For Splunk there are three parameters that need to be passed at this stage, the Splunk host name, a username,
and a password. You can also pass a parameter for port
, by default this value is 8089.
In addition, The security auth token of bearer_token
can be also passed
instead of username and password as same as Splunk QueryProvider.
from msticpy.data.uploaders.splunk_uploader import SplunkUploader
spup = SplunkUploader(username=USERNAME, host=HOST, password=PASSWORD)
You can also set a debug
flag when instantiating which will provide additional progress messages during an upload process.
On the other hand, You can use the stored credentials in msticpyconfig.yaml to SplunkUploader.
from msticpy.data.uploaders.splunk_uploader import SplunkUploader
spup = SplunkUploader()
Note: Due to the way Splunk API’s work the time taken to upload a file to Splunk can be significantly longer than with Log Analytics.
Uploading a DataFrame to Splunk
To upload a Pandas DataFrame to Splunk you simply pass the DataFrame to .upload_df()

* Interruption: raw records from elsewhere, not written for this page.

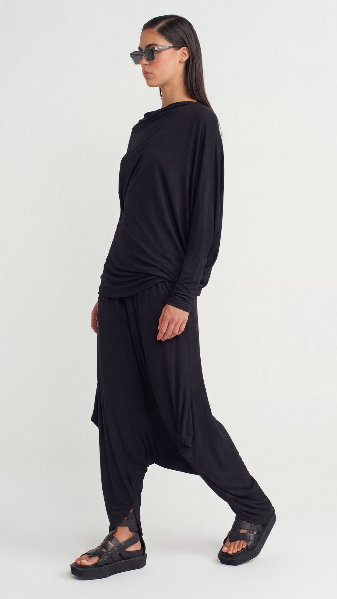 Black Asymmetrical Draped Jersey Dress - Y264014013
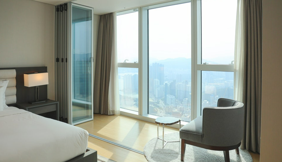 방에 들어서자마자 보이는 통유리창 너머 해운대 바다와 광안대교…
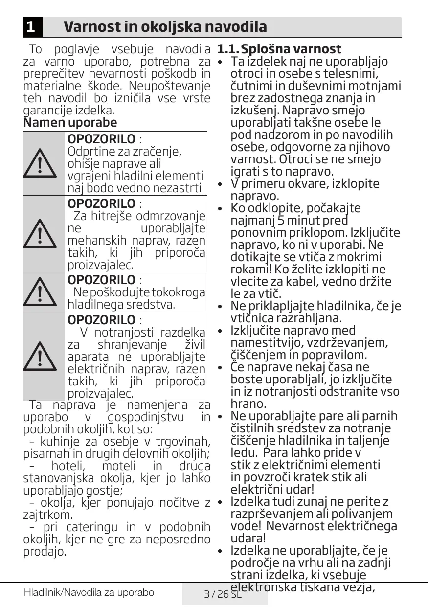 To poglavje vsebuje navodila za varno uporabo, potrebna za preprečitev nevarnosti poškodb in materialne škode. Neupoštevanje teh navodil bo izničila vse vrste garancije izdelka. Namen uporabe OPOZORILO : Odprtine za zračenje, ohišje naprave ali vgrajeni hladilni elementi naj bodo vedno nezastrti. OPOZORILO : Za hitrejše odmrzovanje ne uporabljajte mehanskih naprav, razen takih, ki jih priporoča proizvajalec. OPOZORILO : Ne poškodujte tokokroga hladilnega sredstva. OPOZORILO : V notranjosti razdelka za shranjevanje živil aparata ne uporabljajte električnih naprav, razen takih, ki jih priporoča proizvajalec. Ta naprava je namenjena za uporabo v gospodinjstvu in podobnih okoljih, kot so: – kuhinje za osebje v trgovinah, pisarnah in drugih delovnih okoljih; – hoteli, moteli in druga stanovanjska okolja, kjer jo lahko uporabljajo gostje; – okolja, kjer ponujajo nočitve z zajtrkom. – pri cateringu in v podobnih okoljih, kjer ne gre za neposredno prodajo.
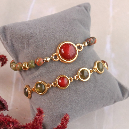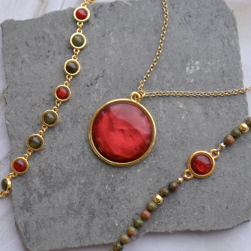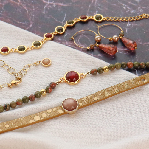 Voordat je een cabochon in een setting plakt, moet je eerst weten wat je met de cabochon wilt maken. Kies vervolgens voor een hanger of tussenstuk. Maak met tussenstukken bijvoorbeeld een armband met allemaal cabochons of combineer 1 cabochon met natuursteen kralen die je aan macramé draad rijgt. De cabochons staan ook prachtig in combinatie met de leren Cuoio armbanden uit de collectie. Maak van de kralen mooie bedels die je in een ketting aan een tussenstuk hangt als extra versiering.

along with index you wish the data to be uploaded to.
As the source_type
parameter, csv, json or others can be input and then passed to
df.to_csv(), df.to_json(), df.to_string() styles respectively and json is by default.
table_name
parameter remains for the backward compatibility.
If the index provided does not exist and you want it to be created,
you can pass the parameter create_index = True
.
spup.upload_df(data=DATAFRAME, index_name=INDEX_NAME)
During upload a progress bar will be shown showing the upload process of the upload.
Uploading a File to Splunk
To upload a file to Splunk pass the path to the file to .upload_file()
along with the name of
the index you want the data uploaded to.
By default, a comma separated value file is expected but if your file has
some other separator value you can pass this with the delim
parameter.
You can specify the sourcetype to upload the data to with that source_type
parameter
but by default the uploader will upload to the sourcetype with the same name as the file.
As the source_type
parameter, csv, json or others can be input and then passed to
df.to_csv(), df.to_json(), df.to_string() styles respectively.
- The default is json if without
table_name
parameter, becausetable_name
remains only for the backward compatibility.
As with uploading a DataFrame
if the index provided does not exist and you want it to be created, you can pass
the parameter create_index = True
.
spup.upload_file(file_path=FILE_PATH, index_name=INDEX_NAME)
Uploading a Folder to Splunk
- You can also upload a whole folder of files. To do this simply pass the folder path to
.upload_folder()
along with the
name of the index you want the data uploaded to. By default this will upload all csv files in that folder to Splunk,
with each file being uploaded to a sourcetype with a name corresponding to the file name. Alternatively you can also
specify single a sourcetype which all files will be uploaded with the source_type
parameter.
As the source_type
parameter, csv, json or others can be input and then passed to
df.to_csv(), df.to_json(), df.to_string() styles respectively.
- The default is json if without
table_name
parameter, becausetable_name
remains only for the backward compatibility.
If your files have some
other separated value file type you can pass delim
, and the specified delimiter value, however currently there is
only support for a single delim type across files. By default this method attempts to upload all files in the specified
folders, if you want to only process certain file extensions you can pass the glob
keyword parameter
with the a pattern for files to attempt to upload.
The pattern format required follows the pathlib.glob()
pattern - more details are
avaliable here
As with the other methods if the index provided does not exist and you want it to be created,
you can pass the parameter
create_index = True
.
spup.upload_folder(folder_path=FOLDER_PATH, index_name=INDEX_NAME)
During upload a progress bar will be shown showing the upload process of the files within the folder.